Two weeks into grieving the loss of my firstborn in 2011, my tests results came back for my annual check-up. On the x-ray, one of the tumors had started migrating into the surrounding muscle tissue. A deep depression became bottomless, I was spiraling out of control. I almost didn’t go to my appointments the week my firstborn died, I didn’t care about anything except sleeping and avoiding every person who tried to comfort me. During my follow-up visit for a CT scan and an MRI, I was given a pregnancy test.

To complicate the story even further, it was positive. I did not get my scans done that day. My doctor asked me what I was going to do – if I carried the baby, I may risk my life and the life of my unborn. If I chose to terminate the pregnancy, I could start treatment right away that may or may not include chemo, which could make conceiving and having a healthy baby complicated, if not impossible, but my survival odds would be much better.

When you lose a child, such a huge part of your heart dies and the rest of it wants to follow. Then, you find out you may be dying and a part of you is grateful that you may finally be reunited with the only true love you’ve ever known. When all hope is lost and you’re content with letting the demon take you, a little miracle happens, someone still needs you here that outshines every other person in your life… and you’ve never even met them yet.

I took my chances and we both won. Nine months later, Max was born and I was in Miami for testing the following week. There were no tumors in my lungs, therefore chemo and radiation were not to be part of my treatment plan which meant more than likely I wasn’t going to die any time soon but the biopsy was positive for adamantinoma. Within 5 weeks of my son’s birth, a donor was found and I was in surgery. My entire shin bone from knee to ankle with the exclusion of the joints was removed and replaced with a cadaver bone, secured with several screws and a titanium rod. I thought I had known pain before, but that moment I woke up in recovery, I was taught what true pain really is.

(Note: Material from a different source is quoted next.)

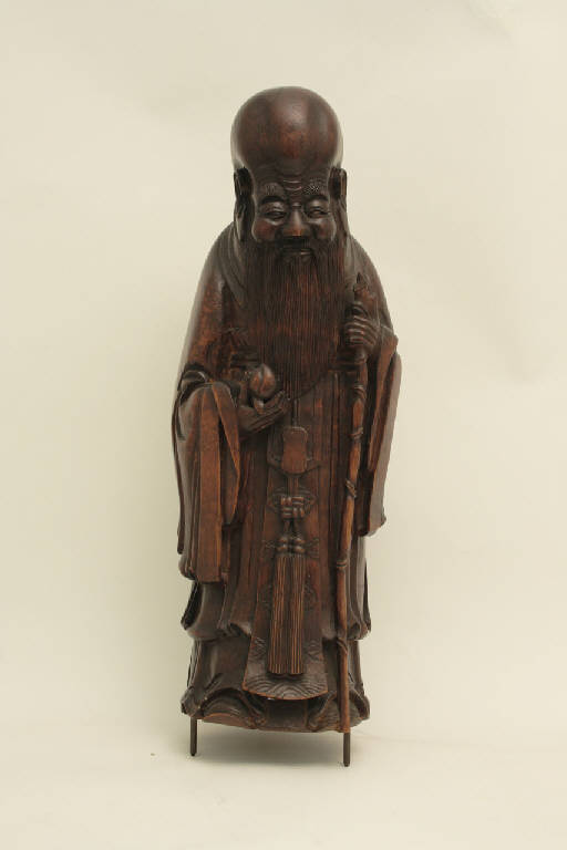 Scultura in bambù di Shoulao, la divinità taoista della longevità, raffigurato tipicamente come un uomo anziano dalla lunga barba, la testa allungata, quasi fallica, un bastone nella mano destra e la pesca dell'immortalità nella mano sinistra. Dalla base spuntano tre chiodi che servivano a fissare la scultura a una base, dispersa.

At first I looked at my scar from knee to ankle as very disfiguring, I wouldn’t show my lower limbs at all. Having been humbled and realizing how powerful I was, I now wear my scar like armor. It reminds me every day how lucky I am to be alive, and my healthy boy was the icing on the cake. Nothing else mattered, petty everyday things melted away and I finally found gratitude in simplicity. The doctors may have saved my life, but my son saved my soul.

Almost 4 years post-op and cancer-free, I am about to apply for medical school because I can think of no better way make a difference like the doctors at University of Miami who saved my life and limb. To this day, I have not let my “disability” stop me from living out my dreams. I spent a year on crutches learning how to walk again and I’ll probably never reach 100% functionality, but that doesn’t mean I will ever slow down. Not until I find ways to help modern science figure out how to prevent this from happening to others.